# [Required work]
Below are entries; output exactly the lines from the one with "通过观察47个广电财经账号今" to the one with "整個(gè)設(shè)備由", both included, and nothing else.

# [Data to process]

------

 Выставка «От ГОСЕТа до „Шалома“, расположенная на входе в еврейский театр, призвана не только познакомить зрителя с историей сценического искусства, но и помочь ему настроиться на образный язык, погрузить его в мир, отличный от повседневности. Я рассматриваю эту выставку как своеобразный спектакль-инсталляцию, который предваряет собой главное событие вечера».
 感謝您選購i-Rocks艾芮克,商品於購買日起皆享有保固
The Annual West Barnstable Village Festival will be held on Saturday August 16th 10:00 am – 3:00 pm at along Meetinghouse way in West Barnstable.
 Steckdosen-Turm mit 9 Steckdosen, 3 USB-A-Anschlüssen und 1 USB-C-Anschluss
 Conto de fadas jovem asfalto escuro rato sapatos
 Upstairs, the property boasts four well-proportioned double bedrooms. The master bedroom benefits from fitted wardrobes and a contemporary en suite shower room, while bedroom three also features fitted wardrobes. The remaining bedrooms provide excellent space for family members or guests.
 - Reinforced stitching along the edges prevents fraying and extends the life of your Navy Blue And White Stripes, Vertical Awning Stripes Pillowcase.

------

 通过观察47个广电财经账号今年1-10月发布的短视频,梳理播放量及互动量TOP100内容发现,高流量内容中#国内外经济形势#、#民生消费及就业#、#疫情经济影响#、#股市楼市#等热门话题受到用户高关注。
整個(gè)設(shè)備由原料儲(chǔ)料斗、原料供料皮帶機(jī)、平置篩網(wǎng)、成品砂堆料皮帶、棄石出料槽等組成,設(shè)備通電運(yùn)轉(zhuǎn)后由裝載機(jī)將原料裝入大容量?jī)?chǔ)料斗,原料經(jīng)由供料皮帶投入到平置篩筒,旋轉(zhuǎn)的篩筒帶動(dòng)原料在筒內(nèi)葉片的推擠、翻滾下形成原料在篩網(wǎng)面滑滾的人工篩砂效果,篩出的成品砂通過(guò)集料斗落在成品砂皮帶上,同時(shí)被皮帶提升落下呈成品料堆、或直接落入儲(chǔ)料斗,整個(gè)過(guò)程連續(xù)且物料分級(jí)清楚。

------

# [Response area]
 通过观察47个广电财经账号今年1-10月发布的短视频,梳理播放量及互动量TOP100内容发现,高流量内容中#国内外经济形势#、#民生消费及就业#、#疫情经济影响#、#股市楼市#等热门话题受到用户高关注。
整個(gè)設(shè)備由原料儲(chǔ)料斗、原料供料皮帶機(jī)、平置篩網(wǎng)、成品砂堆料皮帶、棄石出料槽等組成,設(shè)備通電運(yùn)轉(zhuǎn)后由裝載機(jī)將原料裝入大容量?jī)?chǔ)料斗,原料經(jīng)由供料皮帶投入到平置篩筒,旋轉(zhuǎn)的篩筒帶動(dòng)原料在筒內(nèi)葉片的推擠、翻滾下形成原料在篩網(wǎng)面滑滾的人工篩砂效果,篩出的成品砂通過(guò)集料斗落在成品砂皮帶上,同時(shí)被皮帶提升落下呈成品料堆、或直接落入儲(chǔ)料斗,整個(gè)過(guò)程連續(xù)且物料分級(jí)清楚。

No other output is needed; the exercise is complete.